The problem
Leave the images aside and output every entry exactly.

(Stored items)
--------------------------------
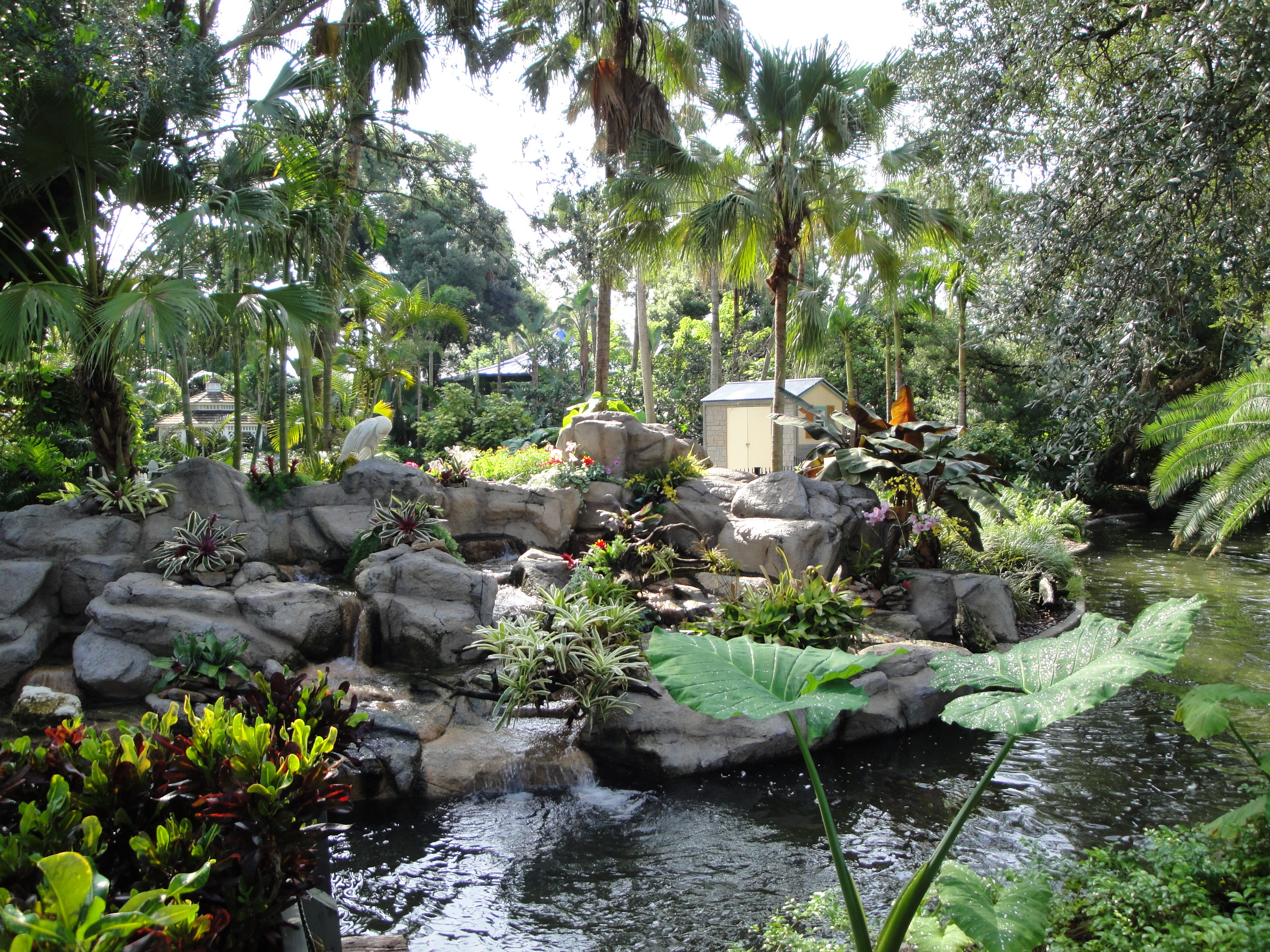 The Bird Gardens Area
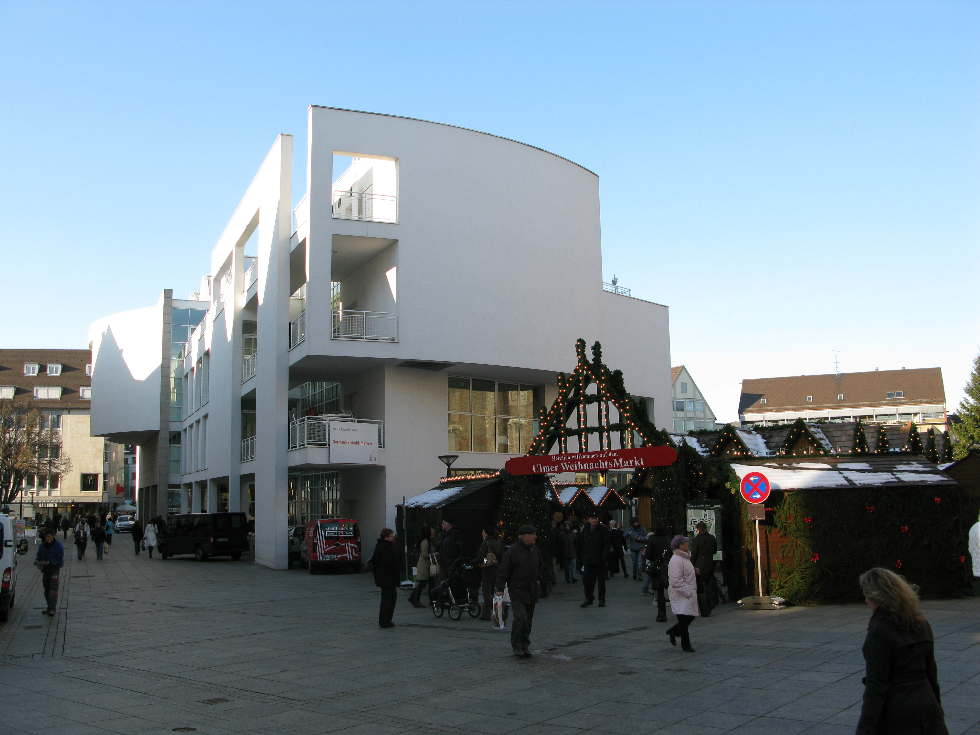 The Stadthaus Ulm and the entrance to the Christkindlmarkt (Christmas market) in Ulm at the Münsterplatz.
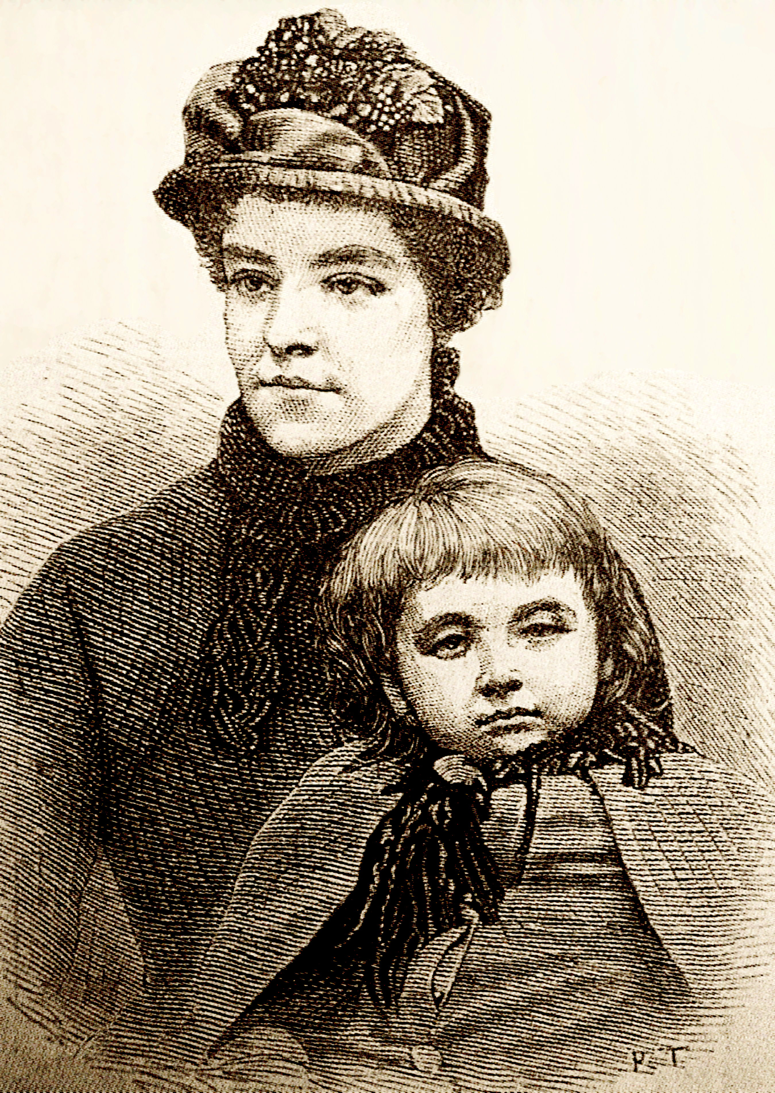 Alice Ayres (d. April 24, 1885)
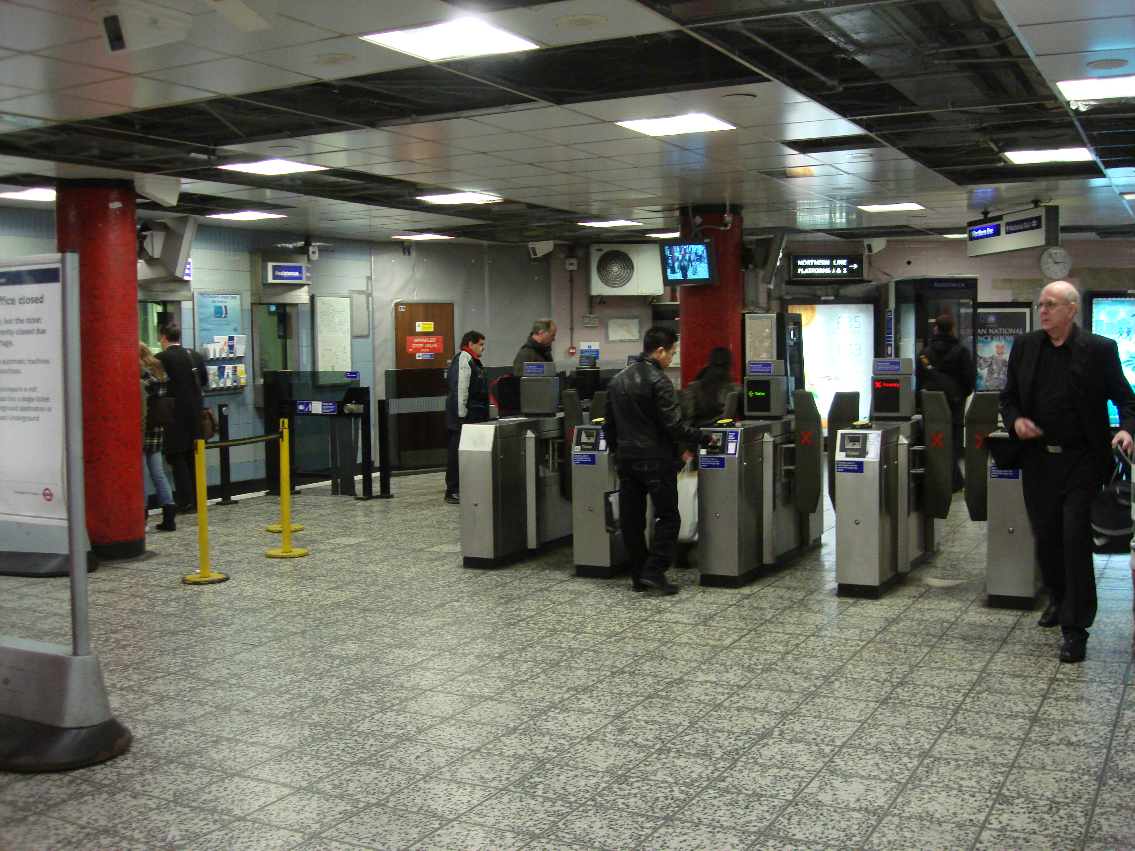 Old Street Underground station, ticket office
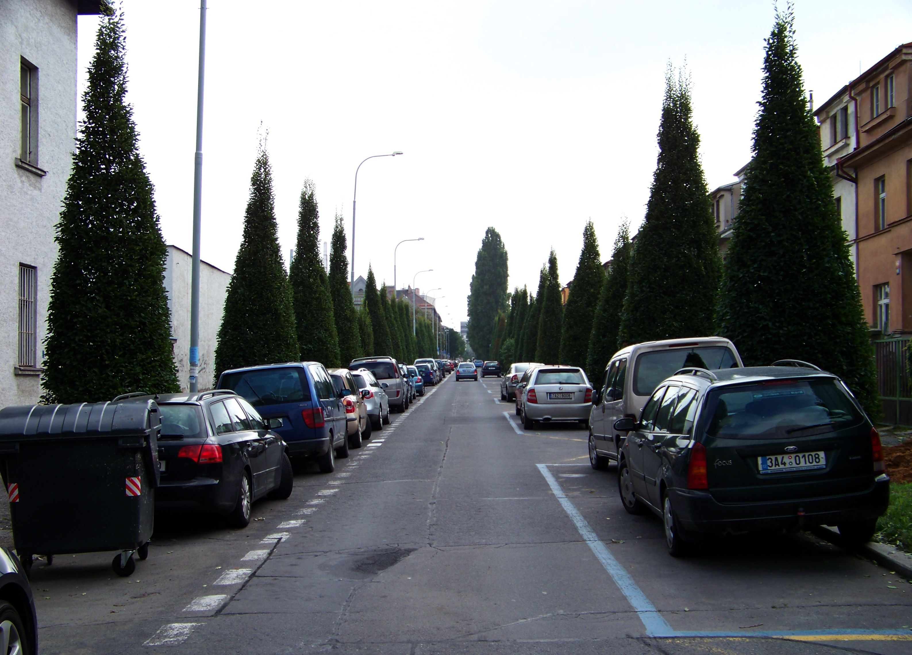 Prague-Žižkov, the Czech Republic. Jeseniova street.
--------------------------------
Result below
 The Bird Gardens Area
 The Stadthaus Ulm and the entrance to the Christkindlmarkt (Christmas market) in Ulm at the Münsterplatz.
 Alice Ayres (d. April 24, 1885)
 Old Street Underground station, ticket office
 Prague-Žižkov, the Czech Republic. Jeseniova street.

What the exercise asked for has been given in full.